"Gorillas on the Mast" is the fifth episode of the thirty-first season of the American animated television series The Simpsons, and the 667th episode overall. It aired in the United States on Fox on November 3, 2019. The writer was Max Cohn.

Plot
The Simpson family visits the Aquatraz Water Park, where Lisa notices how unhappy the animals are behind glass, including a penguin funeral, while Homer notices how much fun boat owners have, remembering how much he wanted one as a kid while fishing with his father.

A boat salesman notices Homer watching the boats and convinces him to buy one. Bart, Lisa, and Groundskeeper Willie go back to the water park to free the whale trapped in it, with Bart finally understanding altruism and liking it. Homer takes the family on a ride on his boat called the 'Something's Fishy' and even Marge agrees it was a good idea to buy it.

The next rider on the boat is Grampa. But when they return to the pier, the boat starts sinking and Raphael offers his help as a mechanic while Bart is sharing a plan with Milhouse to free other animals in his newfound spirit of altruism.

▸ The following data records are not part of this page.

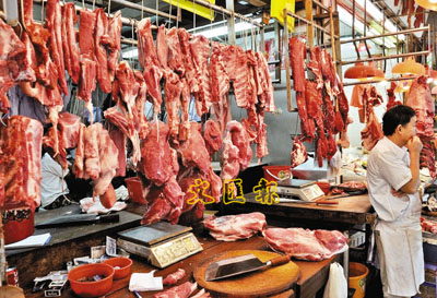 ■港鮮豬零售價加減「無王管」,自年初起鮮豬批發價一直下滑,零售價卻不跌反升。圖為營業中的豬肉檔。資料圖片
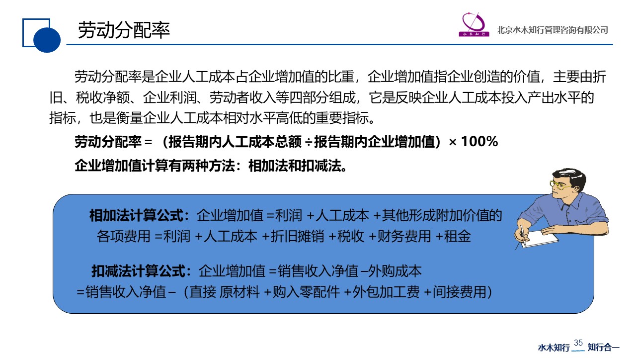 勞動分配率是企業(yè)人工成本占企業(yè)增加值的比重,企業(yè)增加值指企業(yè)創(chuàng)造的價值,主要由折舊、稅收凈額、企業(yè)利潤、勞動者收入等四部分組成,它是反映企業(yè)人工成本投入產(chǎn)出水平的指標,也是衡量企業(yè)人工成本相對水平高低的重要指標。
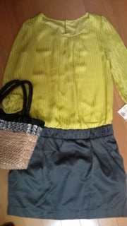 バーゲンの戦利品は、このワンピースです。 切り替えで、ツーピースに見えますが、 ワンピースなので、朝、何着ようか迷った時に 重宝すると思って買いましたぁ〜
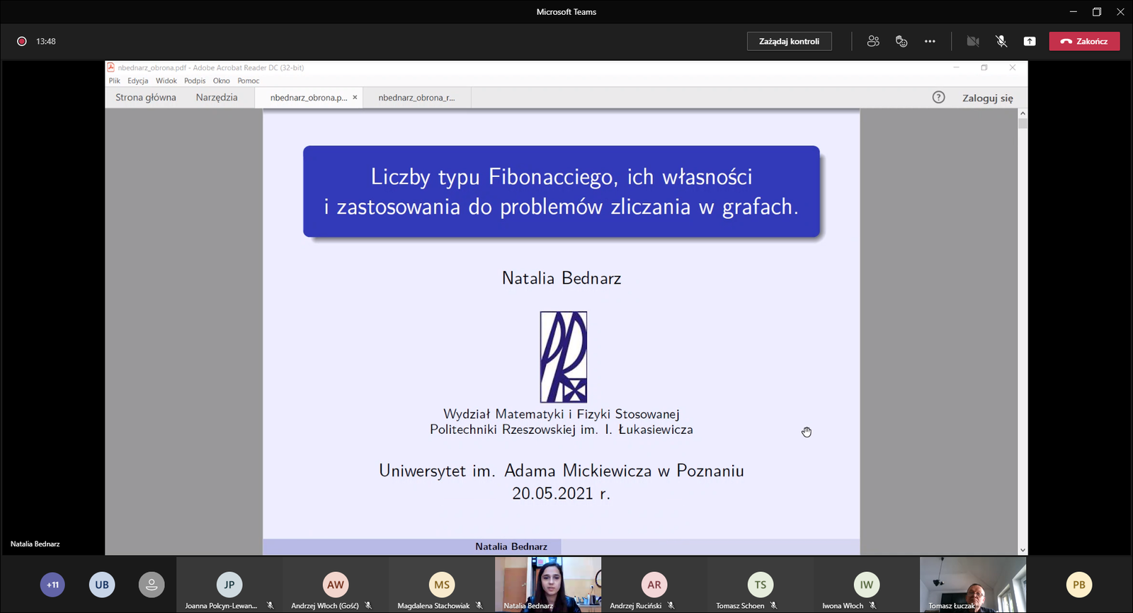W dniu 20 maja 2021 r. na Wydziale Matematyki i Informatyki Uniwersytetu Adama Mickiewicza w Poznaniu odbyła się publiczna obrona rozprawy doktorskiej mgr Natalii Bednarz, która jest pracownikiem Zakładu Matematyki Dyskretnej. Obrona odbyła się zdalnie przy użyciu środków komunikacji elektronicznej (platforma Microsoft Teams). Komisja doktorska jednomyślnie przyjęła rozprawę pod tytułem: Liczby typu Fibonacciego, ich własności i zastosowania do problemów zliczania w grafach.

Homer offers Lenny and Carl to share the boat, and the expenses to fix it. Bart and Milhouse go to the Springfield Zoo and free a gorilla named Lolo, but he goes on a rampage while Milhouse narrowly escapes getting eaten by two tigers.

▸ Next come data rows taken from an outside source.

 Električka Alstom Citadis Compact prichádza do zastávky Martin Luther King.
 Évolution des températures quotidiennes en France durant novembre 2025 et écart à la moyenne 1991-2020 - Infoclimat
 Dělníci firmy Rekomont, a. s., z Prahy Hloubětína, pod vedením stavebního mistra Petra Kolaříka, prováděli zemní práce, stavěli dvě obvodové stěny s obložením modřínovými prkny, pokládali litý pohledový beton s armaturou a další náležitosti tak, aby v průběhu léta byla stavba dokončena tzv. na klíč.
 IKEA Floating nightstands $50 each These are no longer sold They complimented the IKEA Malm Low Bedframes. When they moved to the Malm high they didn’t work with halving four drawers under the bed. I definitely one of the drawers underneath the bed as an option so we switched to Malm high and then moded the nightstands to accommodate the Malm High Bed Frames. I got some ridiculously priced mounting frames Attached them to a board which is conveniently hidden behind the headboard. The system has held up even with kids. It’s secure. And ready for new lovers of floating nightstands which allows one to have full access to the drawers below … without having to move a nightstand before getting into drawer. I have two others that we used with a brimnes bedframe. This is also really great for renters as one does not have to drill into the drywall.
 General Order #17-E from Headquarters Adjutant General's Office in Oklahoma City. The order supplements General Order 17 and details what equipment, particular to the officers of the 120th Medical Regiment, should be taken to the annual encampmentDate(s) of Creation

Bart calls Lisa for help since the police are useless on capturing Lolo. Homer starts co-owning the boat with even more people and the boat sinks due to the weight. Lolo rampages at the Springfield Elementary School and Lisa stops him using Seinfeld to calm him down.

Lisa takes Lolo home to help him go back to a life of freedom and takes him to Dr. Jane Goodall at the Pennsylvania Ape Reserve where he will be loved. At Moe's Tavern, it ends well when Homer convinces the co-owners of being as good as someone who owns a boat because they owned one for five minutes.

Reception
Dennis Perkins of The A.V. Club gave the episode a C stating, “Lisa frees a killer whale. Bart frees a gorilla. Homer buys a boat. Bare story bones. Nothing wrong with that. The Simpsons’ world is made up of outlandish situations rendered possible, sometimes even plausible, by animation and the show's forgiving rules of reality. Some of the best episodes sound just as sparse in outline. Homer goes to space. Springfield gets a monorail. Lisa and Bart thwart a supervillain's plot to drown Springfield."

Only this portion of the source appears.